> [DIRECTIONS FOR THIS TASK]: Pictures are to be omitted. Output only the lines from the one containing "夕陽に向かって美しく飛ぶタンチョウ" through the end of the data, word for word.

> [GIVEN INFORMATION]:
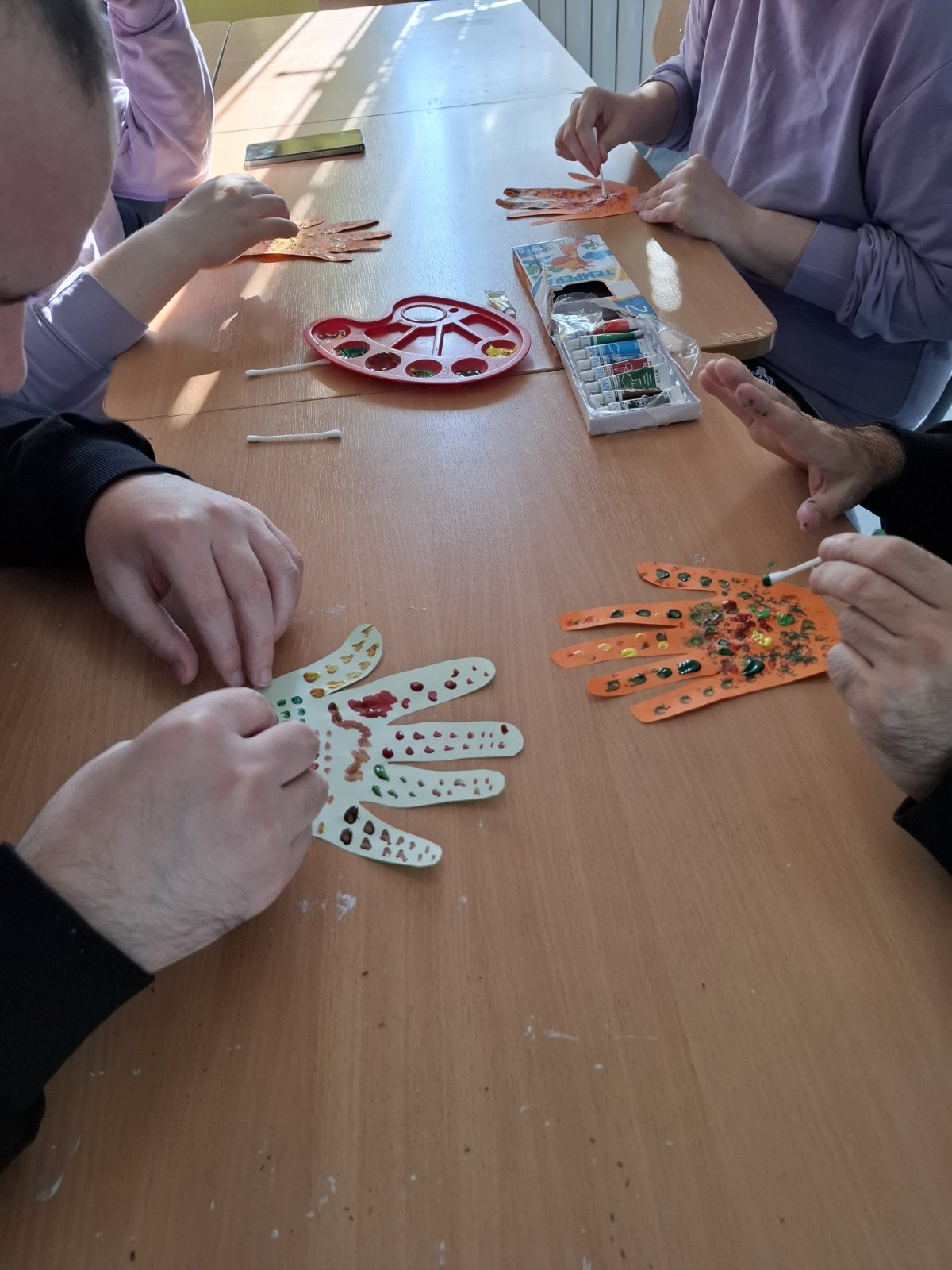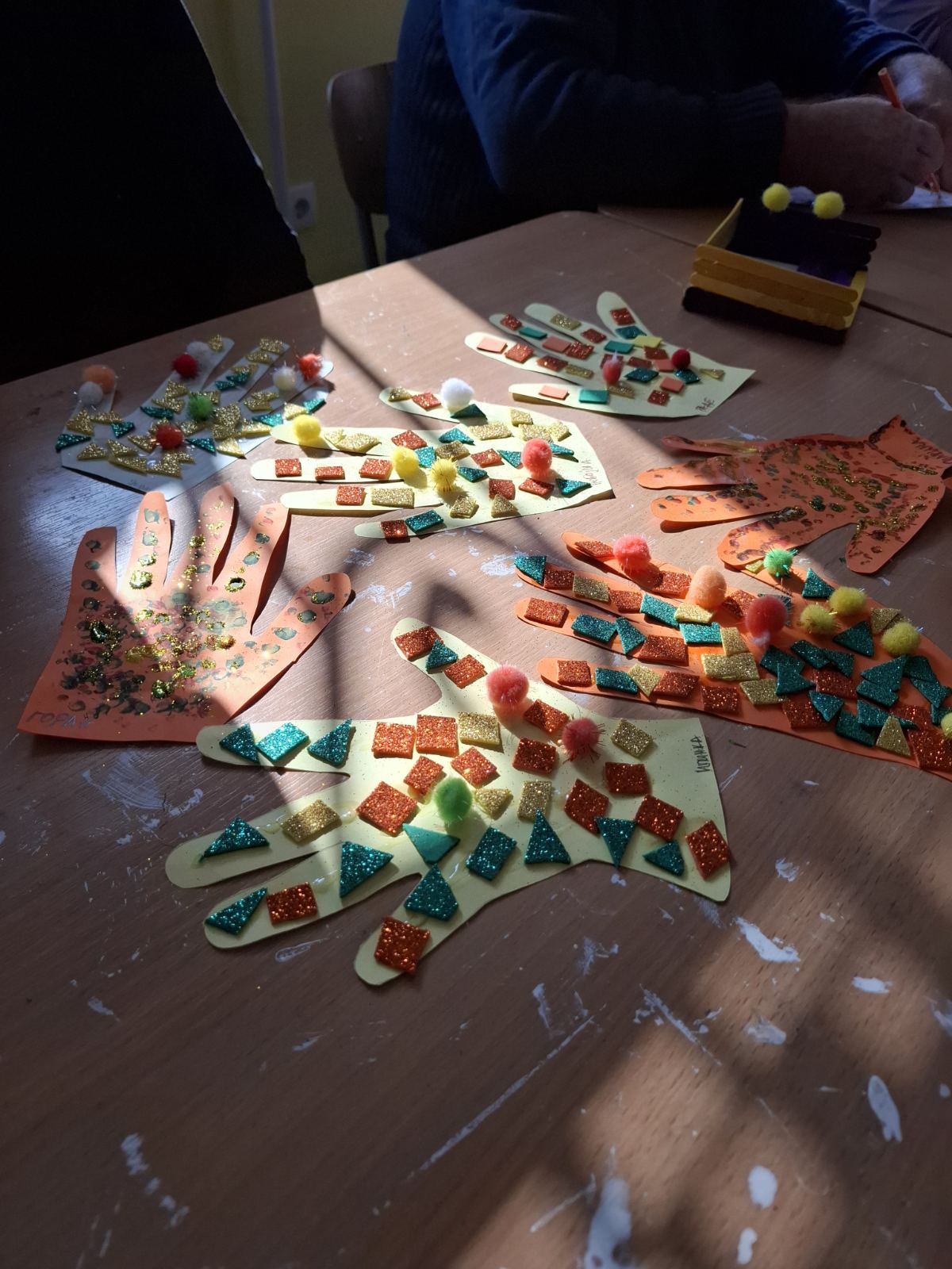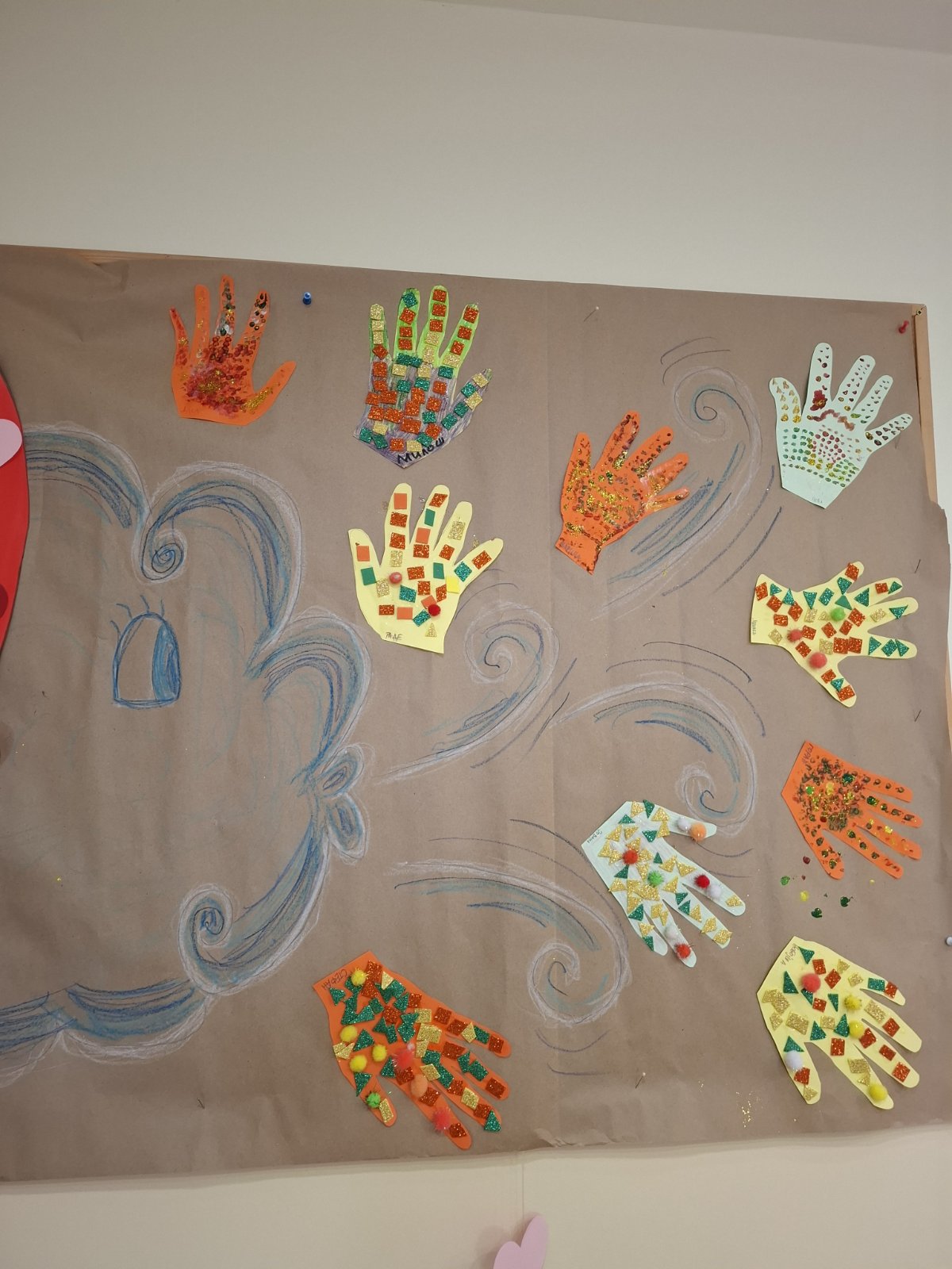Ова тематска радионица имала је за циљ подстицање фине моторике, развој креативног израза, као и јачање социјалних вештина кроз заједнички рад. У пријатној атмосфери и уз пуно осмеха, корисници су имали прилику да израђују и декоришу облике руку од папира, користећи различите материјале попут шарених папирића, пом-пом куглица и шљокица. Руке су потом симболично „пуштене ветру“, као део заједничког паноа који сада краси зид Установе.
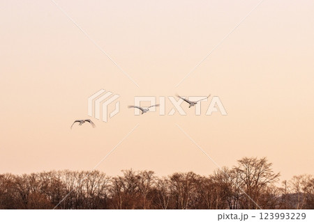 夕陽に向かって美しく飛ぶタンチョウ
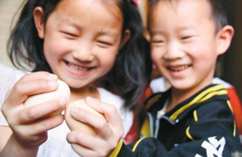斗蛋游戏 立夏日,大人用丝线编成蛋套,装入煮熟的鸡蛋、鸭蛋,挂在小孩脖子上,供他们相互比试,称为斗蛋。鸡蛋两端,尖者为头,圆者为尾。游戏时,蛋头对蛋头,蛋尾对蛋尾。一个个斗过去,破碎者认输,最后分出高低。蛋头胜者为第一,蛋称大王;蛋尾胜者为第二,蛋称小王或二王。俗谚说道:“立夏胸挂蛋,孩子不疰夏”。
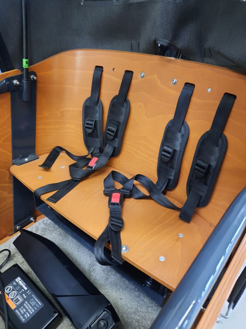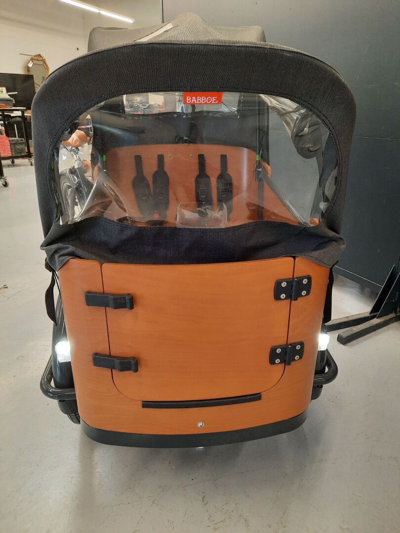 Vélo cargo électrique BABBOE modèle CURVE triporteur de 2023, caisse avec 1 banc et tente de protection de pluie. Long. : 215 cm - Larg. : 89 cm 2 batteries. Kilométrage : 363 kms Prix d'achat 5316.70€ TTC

> [SOLUTION FOR THIS PROBLEM]:
 夕陽に向かって美しく飛ぶタンチョウ
斗蛋游戏 立夏日,大人用丝线编成蛋套,装入煮熟的鸡蛋、鸭蛋,挂在小孩脖子上,供他们相互比试,称为斗蛋。鸡蛋两端,尖者为头,圆者为尾。游戏时,蛋头对蛋头,蛋尾对蛋尾。一个个斗过去,破碎者认输,最后分出高低。蛋头胜者为第一,蛋称大王;蛋尾胜者为第二,蛋称小王或二王。俗谚说道:“立夏胸挂蛋,孩子不疰夏”。
 Vélo cargo électrique BABBOE modèle CURVE triporteur de 2023, caisse avec 1 banc et tente de protection de pluie. Long. : 215 cm - Larg. : 89 cm 2 batteries. Kilométrage : 363 kms Prix d'achat 5316.70€ TTC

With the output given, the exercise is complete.